Here, I always take this as an Anti-War ballad and figure the One Tin Soldier to have been recruited by those antogonistic Valley People, but because he's a Pacifist, he deserts the troops upon learning upon the next morning's raid on the protagonist Mountain People.

Cher has a very nice video rendition of "One Tin Soldier," animated especially for "The Sonny and Cher Show," and to medley with "It Came Upon the Midnight Clear."

Side Note - Bobbie Gentry was once married to James Stafford, who has many Country hits, including another controversial song, "My Girl Bill." "My Girl Bill" was very often misunderstood by audiences and critics alike, but if we actually listen to its lyrics, then we have to wonder what all of that dispute was all about.

Outstanding post you made there, Quite! I'll comment in response to it at a different time, but for now wanted to say at least that much.

By the way, I've always been crazy about "Total Eclipse of the Heart" that you mentioned! It's epic! (And love Bonnie Tyler!) I recall that the same songwriter, Jim Steinman, also wrote the likewise superb "Making Love Out of Nothing at All", that Air Supply performed. Absolutely terrific songs, both of those! notes

I think that Billy Joe threw a MacGuffin off that bridge. Just listened to the My Girl Bill song. I know the song is about a comma but it brought to mind Lola

I just now played "My Girl Bill". I don't remember ever hearing it on my local radio stations during the '70s. Cute song. I didn't at all "get" what was going on in the song, most of the song, till towards the end finally figuring it out (thanks to you having mentioned a comma [the lack thereof], znex).

Btw, I get a kick out of reading some of the comments people leave below music videos on YouTube. Earlier, when I was watching the "Total Eclipse of the Heart" one, I cracked up (was literally LOL'ing) when I read the two following comments:

  • "Scientific fact: There was far more wind in the 80s than there is today."

  • "This music video has everything... wind.. ninjas... flowing gauze dresses, Fight scenes, Greasers, football players, sexy wet men, food fights, fencing, a choir with glowing eyes, a guy in a diaper doing the splits..."

LMAO!!! joy

I always put the two songs "Ode to Billie Joe (1967)" and "La siepe (1968)" together.

For some reason I've always tended to think of Vicki Lawrence's one-hit-wonder "The Night the Lights Went Out in Georgia" as like an afterthought of "Ode to Billie Joe". Here that song is.

@genplant29 said:

For some reason I've always tended to think of Vicki Lawrence's one-hit-wonder "The Night the Lights Went Out in Georgia" as like an afterthought of "Ode to Billie Joe". Here that song is.

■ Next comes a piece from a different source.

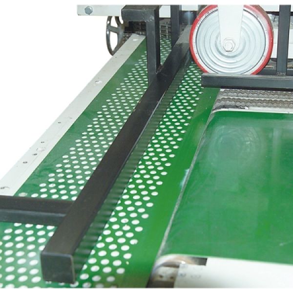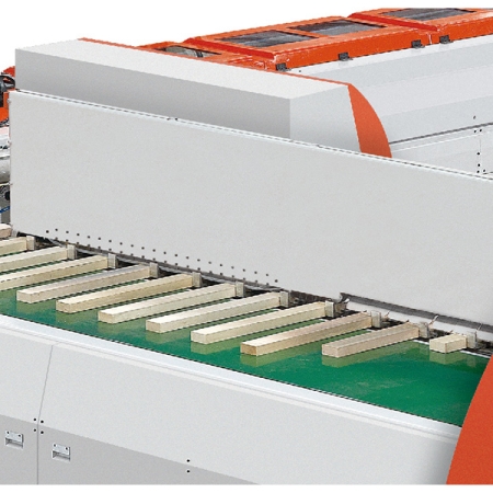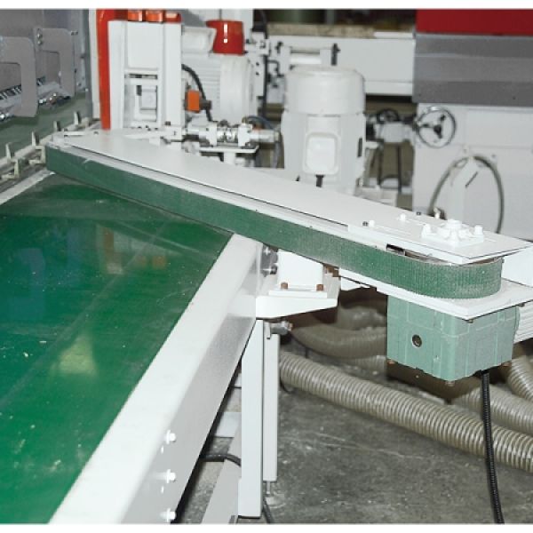 The F-C61 also has a wood side changing device that moves the wood piece to the opposite side using a belt-driven pusher and a powerful suction table to prevent the wood piece from turning over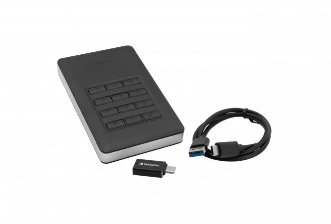 2,5" HDD (merevlemez), 2TB, USB 3.1, jelszavas titkosítás, VERBATIM "Secure Portable", fekete

I know what the story of "The Night the Lights Went Out in Georgia (1972)" is about, but what is the connection with "Ode to Billie Joe (1967)"? Love and death?

My mental association that links the two songs is mainly that they're both Southern gothic story songs (and from not many years apart) about rural tragedies. I've always loved story songs.

That's what I do too, and the lyrics are also important to me.

Bobbie sang "Ode to Billie Joe (1967)" and "La siepe (1968)" within a year of each other. The first song ended with her picking flowers and throwing them off the bridge. The second is about her leaving and saying goodbye to her mother, her friends, the trees, even to the creek.